** Opening Record excerpts block **

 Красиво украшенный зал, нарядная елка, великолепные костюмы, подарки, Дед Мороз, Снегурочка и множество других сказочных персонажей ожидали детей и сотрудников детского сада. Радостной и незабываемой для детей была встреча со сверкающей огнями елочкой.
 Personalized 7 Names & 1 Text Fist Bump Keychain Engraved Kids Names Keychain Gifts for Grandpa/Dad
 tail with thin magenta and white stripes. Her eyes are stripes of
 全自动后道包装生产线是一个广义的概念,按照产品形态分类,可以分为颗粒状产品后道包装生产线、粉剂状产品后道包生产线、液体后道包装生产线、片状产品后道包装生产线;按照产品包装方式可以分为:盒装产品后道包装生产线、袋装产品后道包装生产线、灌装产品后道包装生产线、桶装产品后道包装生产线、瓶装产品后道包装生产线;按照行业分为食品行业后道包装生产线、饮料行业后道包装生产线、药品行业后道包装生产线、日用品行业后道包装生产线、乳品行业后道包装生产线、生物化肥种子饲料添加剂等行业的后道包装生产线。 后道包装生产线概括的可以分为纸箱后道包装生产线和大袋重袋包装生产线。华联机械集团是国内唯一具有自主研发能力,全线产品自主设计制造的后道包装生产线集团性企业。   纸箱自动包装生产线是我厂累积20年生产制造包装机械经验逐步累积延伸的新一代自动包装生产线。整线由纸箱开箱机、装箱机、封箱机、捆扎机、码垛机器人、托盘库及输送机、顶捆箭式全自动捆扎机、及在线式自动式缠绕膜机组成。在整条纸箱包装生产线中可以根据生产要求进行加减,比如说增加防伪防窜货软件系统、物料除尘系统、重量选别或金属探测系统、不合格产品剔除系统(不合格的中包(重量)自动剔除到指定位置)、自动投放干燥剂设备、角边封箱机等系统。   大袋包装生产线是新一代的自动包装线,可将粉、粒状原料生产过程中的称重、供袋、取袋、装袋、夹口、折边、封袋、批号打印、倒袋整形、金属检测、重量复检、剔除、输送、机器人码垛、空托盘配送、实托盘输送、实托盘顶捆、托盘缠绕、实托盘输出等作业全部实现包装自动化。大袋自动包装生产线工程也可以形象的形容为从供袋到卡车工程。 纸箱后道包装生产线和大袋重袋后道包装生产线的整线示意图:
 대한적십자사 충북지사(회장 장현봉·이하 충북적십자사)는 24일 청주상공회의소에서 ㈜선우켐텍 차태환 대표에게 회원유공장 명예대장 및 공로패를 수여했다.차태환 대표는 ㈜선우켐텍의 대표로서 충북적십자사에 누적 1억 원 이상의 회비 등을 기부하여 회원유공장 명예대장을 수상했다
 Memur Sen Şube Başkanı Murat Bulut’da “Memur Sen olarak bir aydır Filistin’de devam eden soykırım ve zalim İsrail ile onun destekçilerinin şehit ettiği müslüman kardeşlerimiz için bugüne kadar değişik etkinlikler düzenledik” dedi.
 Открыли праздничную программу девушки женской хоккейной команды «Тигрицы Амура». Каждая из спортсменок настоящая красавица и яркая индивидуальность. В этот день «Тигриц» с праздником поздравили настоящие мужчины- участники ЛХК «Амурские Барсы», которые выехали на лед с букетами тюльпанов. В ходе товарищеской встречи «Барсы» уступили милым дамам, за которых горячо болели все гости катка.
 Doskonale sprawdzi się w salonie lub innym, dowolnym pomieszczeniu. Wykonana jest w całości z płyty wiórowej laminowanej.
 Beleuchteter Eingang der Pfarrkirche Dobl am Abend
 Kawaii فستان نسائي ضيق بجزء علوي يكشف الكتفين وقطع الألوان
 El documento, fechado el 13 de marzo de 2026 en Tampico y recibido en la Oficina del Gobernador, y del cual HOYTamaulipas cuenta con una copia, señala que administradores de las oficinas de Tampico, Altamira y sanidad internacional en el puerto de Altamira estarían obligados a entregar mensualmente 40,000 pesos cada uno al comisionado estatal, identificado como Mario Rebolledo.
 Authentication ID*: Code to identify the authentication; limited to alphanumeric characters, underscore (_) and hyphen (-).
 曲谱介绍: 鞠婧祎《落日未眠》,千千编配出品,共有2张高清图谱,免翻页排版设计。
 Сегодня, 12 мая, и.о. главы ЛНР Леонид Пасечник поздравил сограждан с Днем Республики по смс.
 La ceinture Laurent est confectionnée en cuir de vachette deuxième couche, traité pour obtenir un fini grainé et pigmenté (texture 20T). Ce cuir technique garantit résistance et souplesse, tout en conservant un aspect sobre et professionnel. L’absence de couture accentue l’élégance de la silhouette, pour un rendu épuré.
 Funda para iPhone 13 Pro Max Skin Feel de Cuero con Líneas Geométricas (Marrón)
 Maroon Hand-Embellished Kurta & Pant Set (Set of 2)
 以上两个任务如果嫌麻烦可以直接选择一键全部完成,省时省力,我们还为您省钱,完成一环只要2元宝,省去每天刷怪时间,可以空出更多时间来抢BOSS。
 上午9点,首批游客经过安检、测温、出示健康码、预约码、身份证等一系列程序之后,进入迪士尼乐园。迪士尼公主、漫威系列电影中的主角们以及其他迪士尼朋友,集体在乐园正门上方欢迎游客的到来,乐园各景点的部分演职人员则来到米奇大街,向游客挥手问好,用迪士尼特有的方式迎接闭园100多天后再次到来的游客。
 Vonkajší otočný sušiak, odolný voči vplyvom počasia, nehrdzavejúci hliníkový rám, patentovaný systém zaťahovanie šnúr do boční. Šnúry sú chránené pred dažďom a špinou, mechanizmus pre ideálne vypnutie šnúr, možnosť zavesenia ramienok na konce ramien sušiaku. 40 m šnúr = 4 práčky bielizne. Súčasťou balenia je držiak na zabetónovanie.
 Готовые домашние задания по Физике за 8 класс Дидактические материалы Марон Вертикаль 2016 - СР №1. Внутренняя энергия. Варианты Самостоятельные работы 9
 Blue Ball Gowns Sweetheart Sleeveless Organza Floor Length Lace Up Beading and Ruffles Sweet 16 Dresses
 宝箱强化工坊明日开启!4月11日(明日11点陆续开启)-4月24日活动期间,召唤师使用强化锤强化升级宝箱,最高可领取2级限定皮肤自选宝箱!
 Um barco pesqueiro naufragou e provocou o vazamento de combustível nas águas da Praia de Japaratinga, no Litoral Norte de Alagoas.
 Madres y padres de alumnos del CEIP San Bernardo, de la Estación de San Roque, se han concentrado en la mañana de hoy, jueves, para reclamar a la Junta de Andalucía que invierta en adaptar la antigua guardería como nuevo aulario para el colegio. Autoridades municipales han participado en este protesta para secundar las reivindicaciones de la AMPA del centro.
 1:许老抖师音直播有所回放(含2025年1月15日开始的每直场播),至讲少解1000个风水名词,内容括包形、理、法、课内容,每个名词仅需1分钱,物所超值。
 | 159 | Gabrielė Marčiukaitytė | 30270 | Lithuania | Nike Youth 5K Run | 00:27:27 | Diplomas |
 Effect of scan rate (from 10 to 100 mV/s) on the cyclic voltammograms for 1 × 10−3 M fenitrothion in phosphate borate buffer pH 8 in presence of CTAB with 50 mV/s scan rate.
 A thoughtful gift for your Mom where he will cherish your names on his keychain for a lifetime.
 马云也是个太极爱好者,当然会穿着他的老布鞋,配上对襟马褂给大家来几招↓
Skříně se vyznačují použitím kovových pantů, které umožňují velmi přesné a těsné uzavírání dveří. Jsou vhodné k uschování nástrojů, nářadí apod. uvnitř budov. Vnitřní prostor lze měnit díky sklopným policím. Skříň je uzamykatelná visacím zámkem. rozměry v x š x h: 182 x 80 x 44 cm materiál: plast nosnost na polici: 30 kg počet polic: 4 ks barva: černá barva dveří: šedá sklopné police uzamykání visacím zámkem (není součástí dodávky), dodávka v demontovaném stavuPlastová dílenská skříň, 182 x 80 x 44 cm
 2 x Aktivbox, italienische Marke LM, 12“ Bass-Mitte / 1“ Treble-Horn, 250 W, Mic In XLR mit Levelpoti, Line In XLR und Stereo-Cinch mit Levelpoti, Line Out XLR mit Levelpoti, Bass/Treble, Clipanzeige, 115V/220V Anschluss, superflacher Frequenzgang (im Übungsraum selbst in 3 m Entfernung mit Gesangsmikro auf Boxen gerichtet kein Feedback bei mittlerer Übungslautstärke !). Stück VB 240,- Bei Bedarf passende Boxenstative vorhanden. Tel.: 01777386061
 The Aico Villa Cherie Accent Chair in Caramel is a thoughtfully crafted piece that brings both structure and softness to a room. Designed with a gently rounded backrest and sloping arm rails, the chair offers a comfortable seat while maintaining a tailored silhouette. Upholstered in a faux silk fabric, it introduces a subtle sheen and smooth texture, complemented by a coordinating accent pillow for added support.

** Closing Record excerpts block **

§ Exercise:
Lines in the data containing the string "texture" are to be counted; give that number alone.

§ Solved exercise:
2